As far as the IBL is concerned, Langlois easily expressed a complete confidence in the league’s future. He likes the league’s makeup, cities that are free of competition from the National Basketball Association — something the revived but faltering American Basketball Association can’t claim. He also likes the regional feel the IBL has created, minus the coast-to-coast travel expenses the ABA owners had to cover.

“Geographically, we’re located in Gary, Rockford, Cincinnati and St. Louis. These are all cities that we can bus to. So the cost to travel becomes a lot less. The teams become more viable because the expenses are lower. Salary caps are in line with what you can do that makes sense.”

The IBL requires that each owner submit a letter of credit to the league office in case the franchise fails. The credit is then used to run the business for the remainder of the season, which removes that burden from the league’s other owners. That concept is relatively unique to minor pro sports and Langlois felt it added a value to the IBL that other leagues don’t have.

“I think the IBL is in the right spot right now. We have some good leadership in Ralph Rossi. He has a good head on his shoulders and has had some good talks with the NBA.”

Langlois said he wasn’t sure whether a player agreement could be struck between the IBL and the NBA, especially with the NBA starting its own developmental league this fall. But, to be honest, he didn’t seem overly preoccupied with that element of the business.

“I don’t think it’s critical, but I think it makes it easier,” he said of an affiliation. “I do have confidence in this league, though.”

Langlois also seemed to have a quiet confidence in himself, part of which he has picked up from those around him. Namely people like General Manager Dave Grube, who runs the daily operation of the franchise from his DeltaPlex office.
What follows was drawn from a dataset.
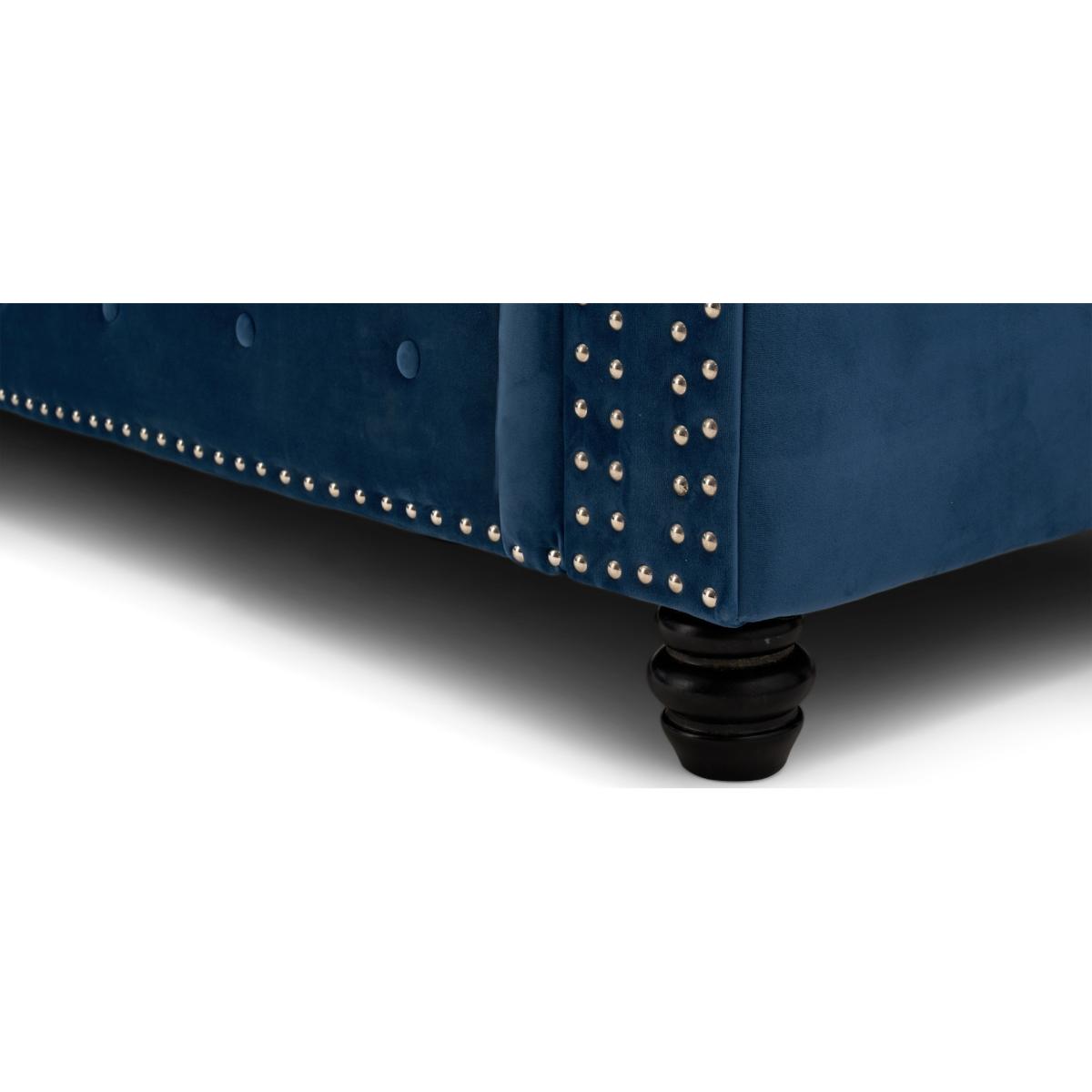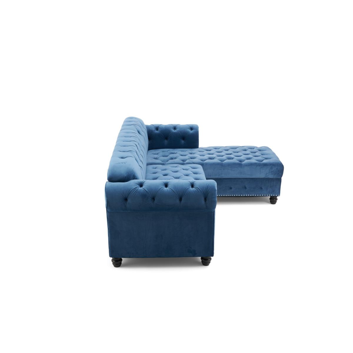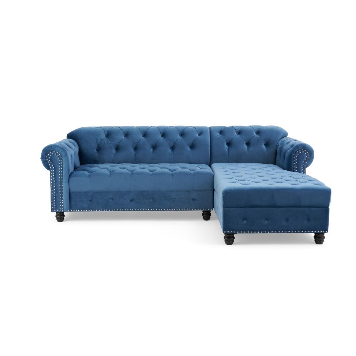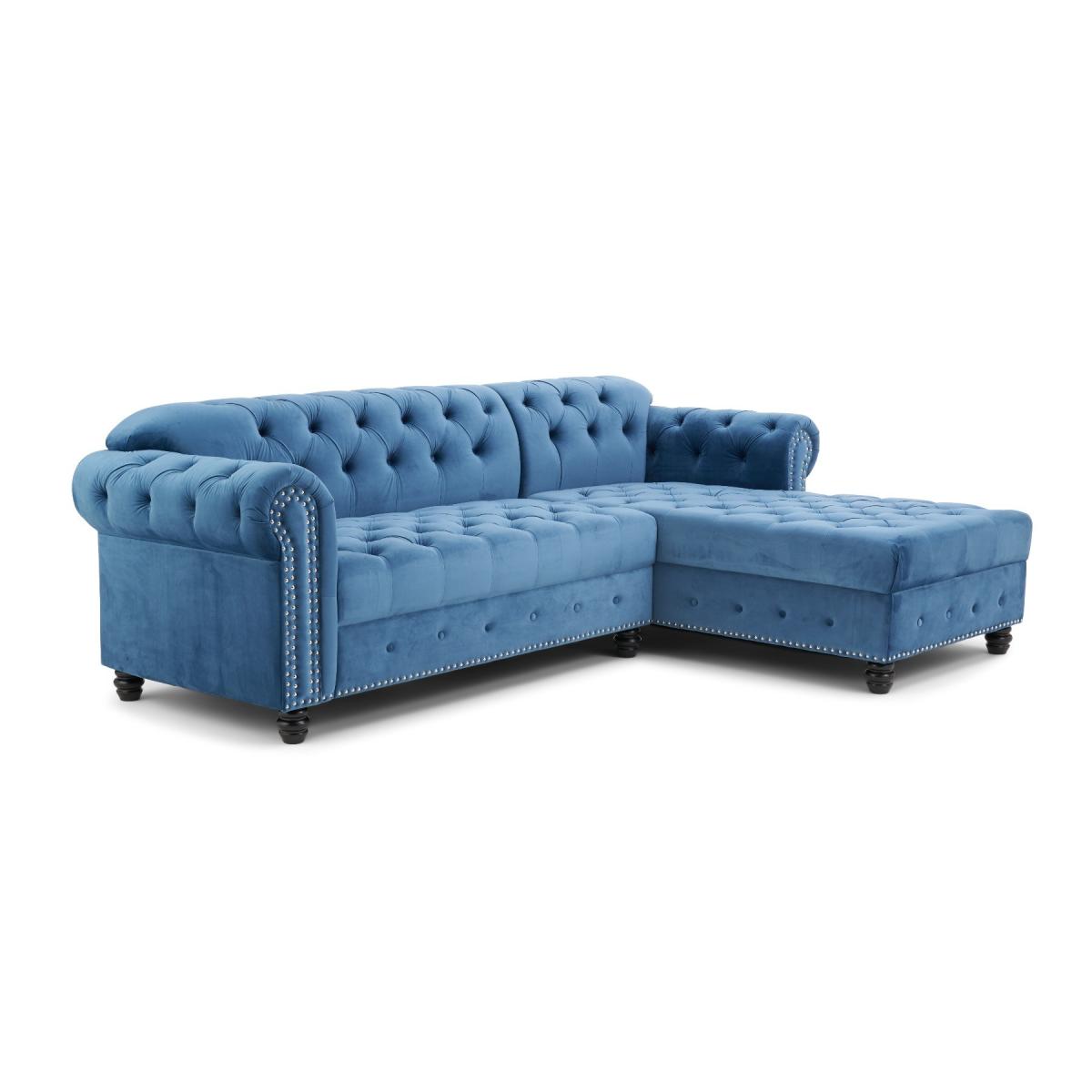 The Blake is a beautiful Chesterfield-inspired left facing chaise sofa with traditional details alongside modern touches. Scrolled statement arms are complete with contemporary metal stud details. A deep-buttoned backrest and plump, foam-filled cushions ensure a comfortable seat. Luxuriously padded for extra comfort. Chesterfield-inspired design. Immaculately upholstered in elegant blue velvetLeft facing chaise

He picked up another part of that self-assurance from the thousands of astonishingly positive phone calls, letters, e-mails and handshakes he received since February and the full-house of screaming supporters he witnessed at the team’s final regular season encounter.

Then there was the resilience. That rise from the ashes of a burnt-out league to the top of a new beginning.

When the business scorecard gets fully analyzed this off-season, Langlois will have every reason to feel confident and excited about November’s coming. There will be a 13th season, and luck might have absolutely nothing to do with the Hoops’ potential success.

“The overall theme is the team survived a time that half the teams didn’t. And not only did they survive, they made it to the last game of the playoffs,” he said. “This is not my team, it’s Grand Rapids’ team and we’re going to be here for the long-term. I look forward to seeing people out here and I appreciate all the support they have given us.”